How I felt when I started to write again

The Future

So after my obligatory anime backstory, what do I plan to do now? Well…I’m not entirely sure myself just yet. I’ve been trying to think of where I want to take my blog now that I started to take it seriously again. I realized that with how fast I play games, that it will take a looong time for me to get a review ready for you guys. So for now, I’ll try to sprinkle some shorter content like opinion and editorial pieces in between my reviews.
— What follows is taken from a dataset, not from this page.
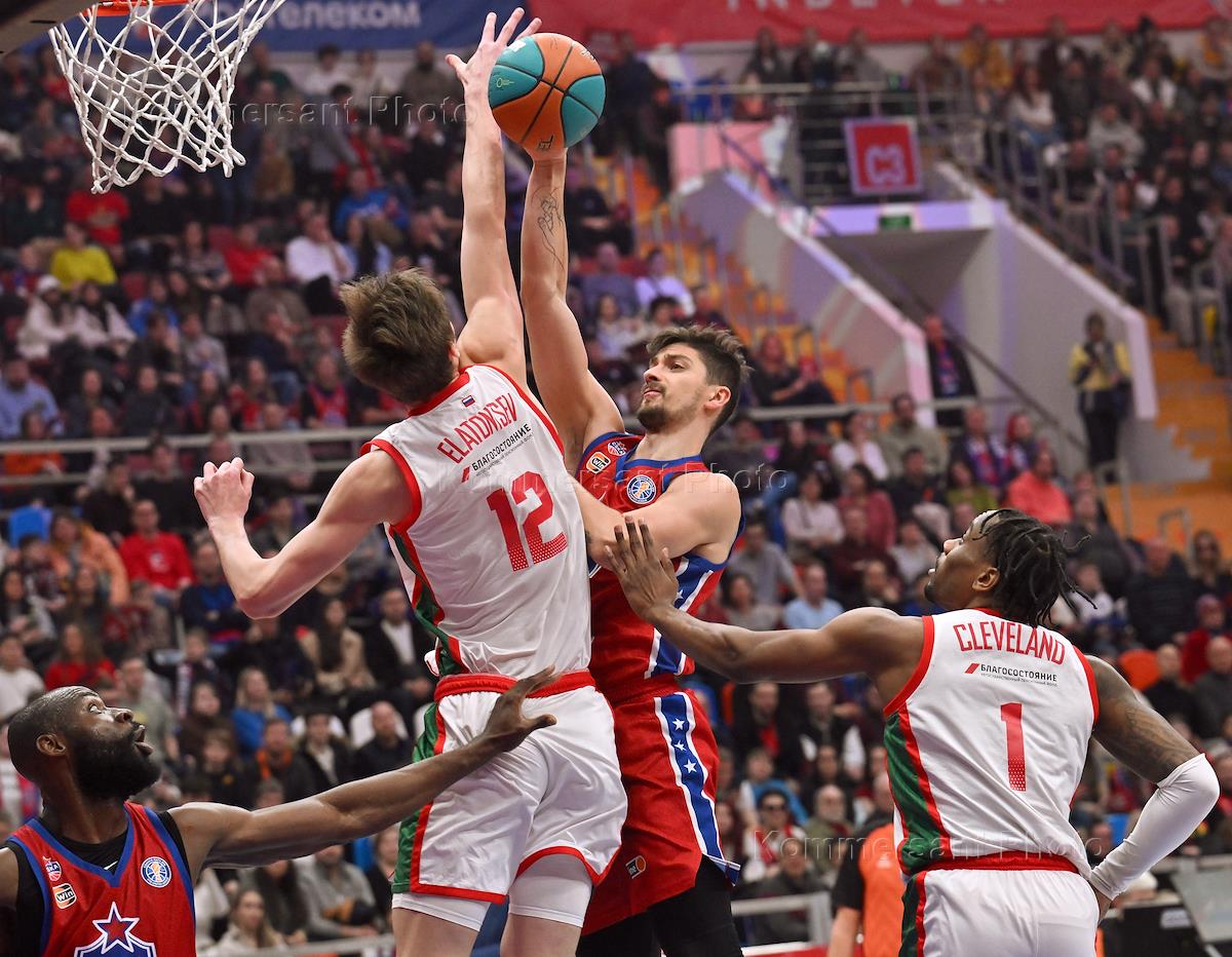 VTB United League 2024/2025. Basketball. Match between the teams CSKA (Moscow) and "Lokomotiv-Kuban" (Krasnodar) at the Megasport stadium. Genre photography.

Still though, I apologize in advance if it takes me longer than you’d like for me to release stuff for you guys. I prioritize my enjoyment of the game over my need for writing, and I don’t want to force myself to speed through a game just so that I can write something. Not only would that be incredibly disingenuous to the game, but I also I want to make sure that what I write is as thorough and as best of quality as I possibly can make it be.

I could talk about anime, but seeing other anime posts and anime-related content made me feel like I’m not that confident in writing about it compared to when I write about games.  Still though, if people want me to write about it now, I might consider trying. BUT, I also want to wait until I finish one of my longtime life goals before I start…and that is learning Japanese. Yes! I’m currently working hard at learning the language of moon runes. Hopefully, when I can get to a level where I can watch anime without subtitles, I’ll get to cover it from a slightly different perspective. I’ll also get to cover some Japanese games that have never been translated, so look forward to that as well!

I’ve also considered doing Youtube, since I realized that my blogs always sound like they would fit well with a video format. But I’m still a ways off before I’m ready to take that jump.

To be honest, even now I’m still not sure if my writing is entertaining for people at all (just looking at the site stats make me feel depressed). I’ve always been a pretty quiet person, and I don’t have really have anything unique that I could make me stand out. Hopefully that can change in the future, but for now, all I can do is to keep going. I did take a huge break, so it’s natural that it’s going to take awhile before I get some results. If anyone is still reading this, I ask that you be patient with me. And hopefully, in the future, I’ll be able to provide the quality content that you will truly enjoy.

To be honest though, I don’t think anyone will ever end up reading this. If you are, here’s a present from me to you

 

 

 

2 Responses

  1. Irina March says:

    Don’t be depressed. Honestly pretty much all bloggers go through this.
    I appreciate the present though. Never enough Ibuki!

    1
    • megaalatreon says:

      Thanks for the concern. I wouldn’t say that I’m depressed per say, I just finally realized that I was a bit too hopeful with what I was expecting. I know that it isn’t easy, but that doesn’t mean I’m going to stop! As long as I still enjoy writing, I’ll never stop.

      And yes, there can never be enough Ibuki (but Chiaki will always be my bae)!